Patricia -- and the bulk of her contemporaries -- would protest politely that she is as Catholic as a holy water bucket; but the church is her companion on the journey, not her group leader. Patricia could be classed as a liberal and, like me, she is liberal because she is Catholic.

Conservatives make up only a small percentage of the true church, perhaps as little as 7 percent. I simply don’t know why we try to dress each other in borrowed cassocks.

Together with most NCR readers, I was raised in the “shudup-and-eat-your-peas” church. I can recall stories of pastors refusing to witness marriages because the groom was not clean-shaven or the bride had a dress that was somewhere between a venial and a mortal.

It all began to unravel not long after Vatican II, which closed its brass doors in 1965. But it was Paul VI’s 1968 encyclical, Humanae Vitae (“Of Human Life”) that, by forbidding all forms of contraception, virtually dismantled the fragile moral pyramid. The birth control pill not only limited the number of Catholic children that would come into this world; it would also restore the church’s basic teaching about the primacy of the individual conscience.

Today, most forms of contraception are classed with feminine hygiene and rarely mentioned. (In my parish when one of the priests announced that he would not even talk about the pelvic issues for the next six months, the congregation broke out in grateful applause.)

Since 1968, however, the issues that define state-of-grace membership in the church have become terribly complicated. In just over two decades, the world has gone from the pill to petri dishes and to frozen embryos. Now, the hot issue has shifted slightly from abortion to stem cell research. The church has much that is worthwhile to say about stem cell research. The thought of human embryos being strip-mined and then destroyed can give one pause. But, unfortunately, the church left its credibility behind. As a result, some of its strongest supporters -- conservative Catholics such as former Sen. Connie Mack of Florida and the former governor of Wisconsin, Tommy Thompson (now a member of the Bush cabinet) -- have both supported stem cell research even as some bishops have hinted that it is virtually a reserved sin.
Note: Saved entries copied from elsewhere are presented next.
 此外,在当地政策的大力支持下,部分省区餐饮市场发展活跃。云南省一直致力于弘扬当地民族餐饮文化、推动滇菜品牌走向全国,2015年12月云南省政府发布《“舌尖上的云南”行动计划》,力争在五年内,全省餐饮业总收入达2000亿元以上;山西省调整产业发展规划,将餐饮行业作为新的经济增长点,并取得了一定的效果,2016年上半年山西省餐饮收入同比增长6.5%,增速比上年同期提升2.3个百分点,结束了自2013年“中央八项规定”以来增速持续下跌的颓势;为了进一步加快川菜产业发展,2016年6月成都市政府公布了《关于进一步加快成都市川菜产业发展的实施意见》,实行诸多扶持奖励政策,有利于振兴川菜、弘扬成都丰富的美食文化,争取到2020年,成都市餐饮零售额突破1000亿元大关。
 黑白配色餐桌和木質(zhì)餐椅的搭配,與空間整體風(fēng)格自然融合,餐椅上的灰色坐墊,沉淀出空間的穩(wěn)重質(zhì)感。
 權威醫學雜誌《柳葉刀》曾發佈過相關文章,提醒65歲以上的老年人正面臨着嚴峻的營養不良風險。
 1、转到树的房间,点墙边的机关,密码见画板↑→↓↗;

Recently, The New York Times reported that some 200 members of the House of Representatives would support stem cell research -- and a lot of them are likely to be Catholics. For the rest, it’s likely that most Catholics aren’t entirely sure what stem cell research really is. However, we can be morally certain that most Catholics don’t even know who their bishop is.
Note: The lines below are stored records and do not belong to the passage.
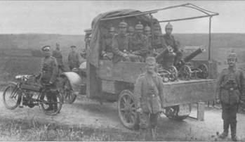 4 августа 1914 г. началось наступление 1-й и 2-й русских армий в Восточной Пруссии, где имелась развитая сеть шоссейных грунтовых дорог, при этом обе стороны широко применяли автомобильный транспорт. Необходимо отметить, что формирование германских автомобильных подразделений структурно отличалось от таковых в Русской Императорской армии. В нашей армии были сформированы отдельные автомобильные роты и штабные автомобильные команды, имеющие в своем составе в основном грузовики средней и малой грузоподъемности, а также легковые машины. Немцы же формировали штабные и этапные автомобильные парки и небольшие по составу этапные автомобильные и амуниционно-автомобильные колонны. В немецких войсковых автоколоннах, предназначенных для снабжения действующей армии, были задействованы главным образом тяжелые тихоходные машины грузоподъемностью 4–5 т, многие из них с прицепными повозками.
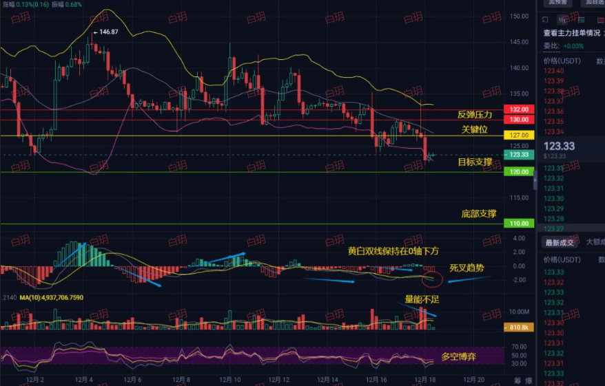 Price stuck: currently at $123, just stuck at an awkward position. Upwards, $130-$132 is a clear 'rebound resistance line', pressing down like a ceiling. Weak indicators: the technical indicators below, the yellow and white lines are below the 0 axis, still in a 'death cross' trend, indicating that the bearish forces are currently dominating. Insufficient volume: The trading volume has not increased, indicating that most funds are observing, and no one dares to take the lead in charging ahead.
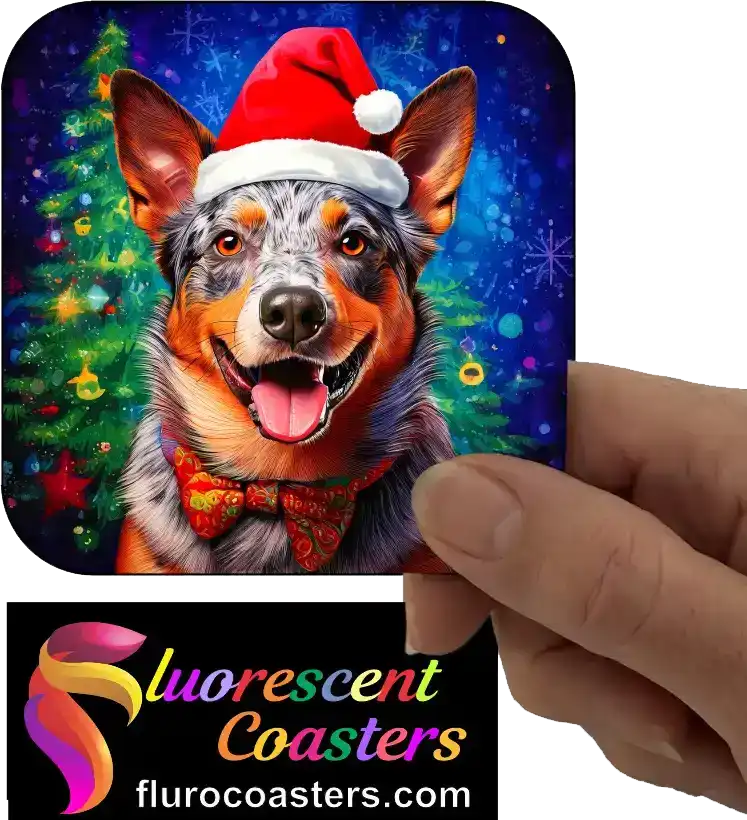 Fluorescent Coasters - Australian Cattle Dog Wearing Christmas Hat 1, Festivities / Religion, 402434
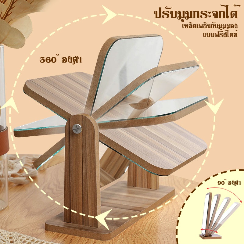 (พร้อมส่ง) กระจกตั้งโต๊ะ กระจกแต่งหน้า มินิมอล ใช้แต่งหน้า หมุน/พับ 4 ขนาด สไตล์เกาหลี สามารถปรับ แบบพกพา
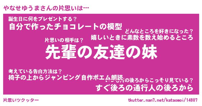 | 胡散臭い通販商品みたいなあだ名 | 『モテモテ間違いなし霊験あらたかなお札…その名も「やなせゆうま」』 |
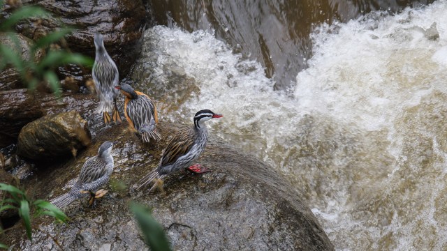 Maybe five or ten minutes passed. The pair kept advancing the aqueous ladder. Perhaps they were 100 meters downstream from the bridge. Suddenly a third duck materialized from the swirl, then a fourth. By god, a family of Torrent Ducks.
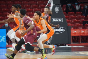 Le début de seconde mi-temps ressemblait à la fin de première. L’écart passait ainsi sous la dizaine de points avec des Tangos auteurs de seulement 5 unités durant la moitié du troisième acte (49-40, 25’). Le bel apport du banc illustré par le dunk rageur de Baptiste permettait de remettre l’équipe dans le bon sens au terme d’un quart-temps défensif (60-47, 30’).
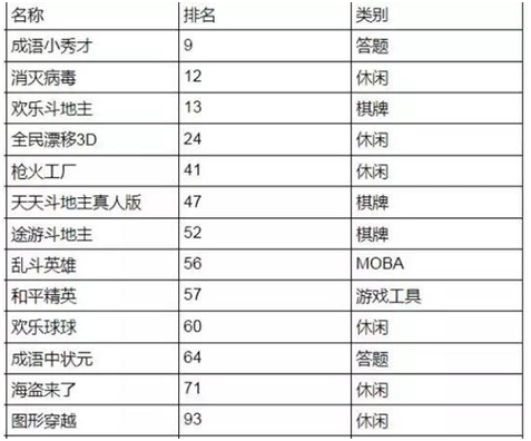 而(ér)仅从游戏类别(bié)来看的话,棋牌类游戏的排(pái)名可以说相当靠前。虽然(rán)《消灭病毒》和《全民漂移3D》等休闲游戏(xì)一样稳定位列头部,但综合上榜次数和排名而言,数量上处于中部位置(zhì)的棋牌整体(tǐ)排(pái)名偏高。而阿(ā)拉丁发布的《2019年上半年小程序(xù)白皮书(shū)》显示,2019年(nián)上半年始终保持TOP100的小游戏中,5款中2款为休闲游戏(xì),3款(kuǎn)为棋牌游(yóu)戏。
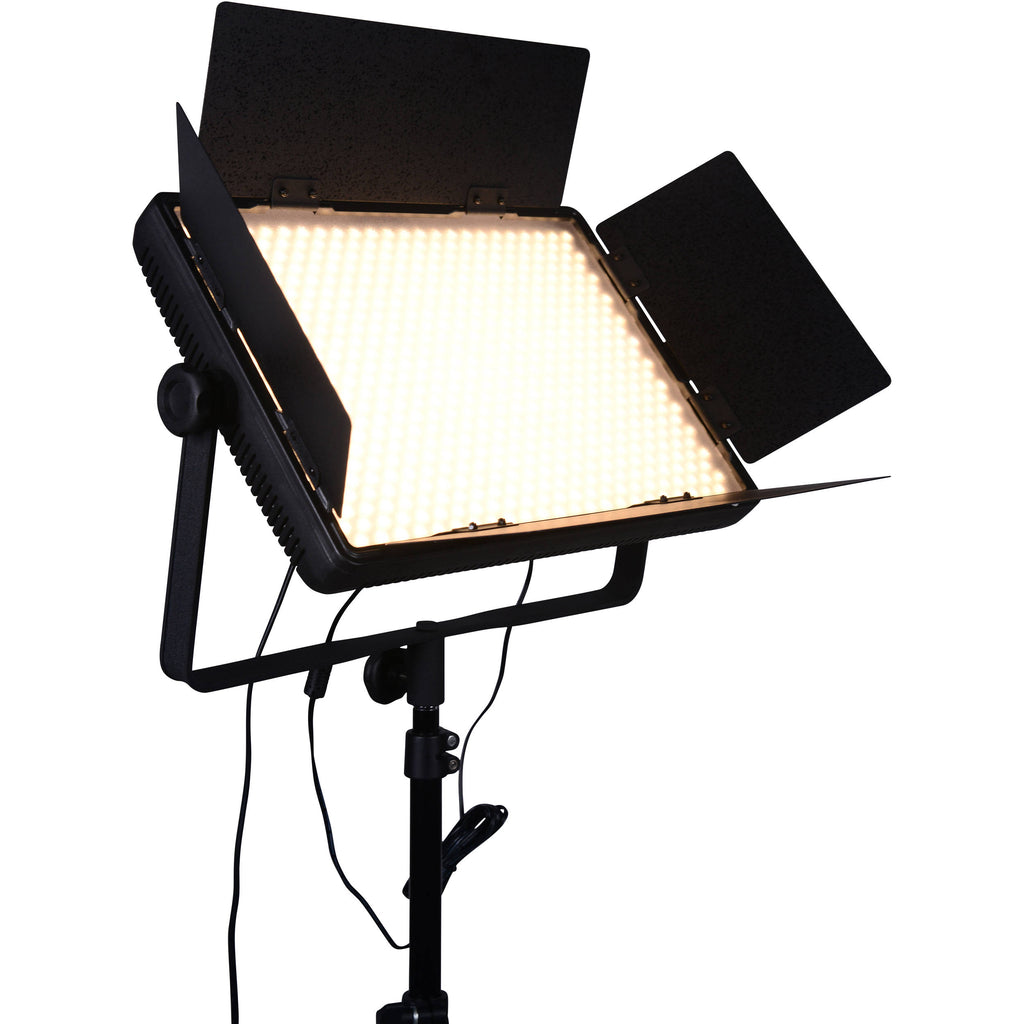 Measuring 18.5 x 15 x 3.4" 1200BSA Bi-Color LED Panel from NanLite is a budget-friendly light source with color temperature that's variable from 3200 to 5600K for easy integration with either tungsten or daylight fixtures or a wide variety of ambient light conditions. The light's high CRI/TLCI rating of 95/93 is an indicator of accuracy in color rendering. Light intensity is variable too, from 0 to 100 degrees. The 1200BSA's output can be contoured and controlled by the included 4-way barndoors; simply swing one or more of the leaves into the beam to light areas of the subject that you want to and keep light from areas that you don't want illuminated.

Of late, the hierarchy has distinguished itself by speaking out against the death penalty and for a living wage. It has urged compassion for undocumented workers, welfare reform and the dangers of global climate change. And, with the exception of the federal government itself, no other organization has done more for the poor and the disenfranchised. Yet, with each new appointment of a bishop, it paints itself into a corner. It insists that converts from Mormonism be re-baptized but joins kerchiefs with the Mormons in excluding gay Boys Scouts, even in parishes where the pastor is gay. Recently, the bishops of South Africa condemned the use of condoms to reduce the spread of AIDS in a country where AIDS is as widespread as the common cold. It’s likely that the U.S. bishops would rule the same way.

Now, largely because I write about things Catholic, friends ask my opinion on the latest Vatican salvos. However, just as often, they will close the discussion with: “Tim, why do you bother?” They aren’t angry, just indifferent. The teaching church impacts on their life about as much as an Ann Landers column. With a “It doesn’t matter,” they close the conversation. In my hometown of Chicago, only 25 percent are at Mass on Sunday -- and these are the ones I’m writing about.
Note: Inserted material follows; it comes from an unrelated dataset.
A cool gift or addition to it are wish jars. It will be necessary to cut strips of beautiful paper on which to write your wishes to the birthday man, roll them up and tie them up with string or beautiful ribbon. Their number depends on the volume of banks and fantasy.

Now the bishops tend to respond to new challenges by issuing condemnations, generally packaged for them by others. The result is statements with barely a dash of pastoral sentiment. The poor bishops must now stand back and watch the Vatican make appointments without even clearing them with the local don.

I don’t know the answers. Only that Patricia isn’t concerned. She doesn’t feel the need to be protected by the church, although there must be times when she needs protection from the church.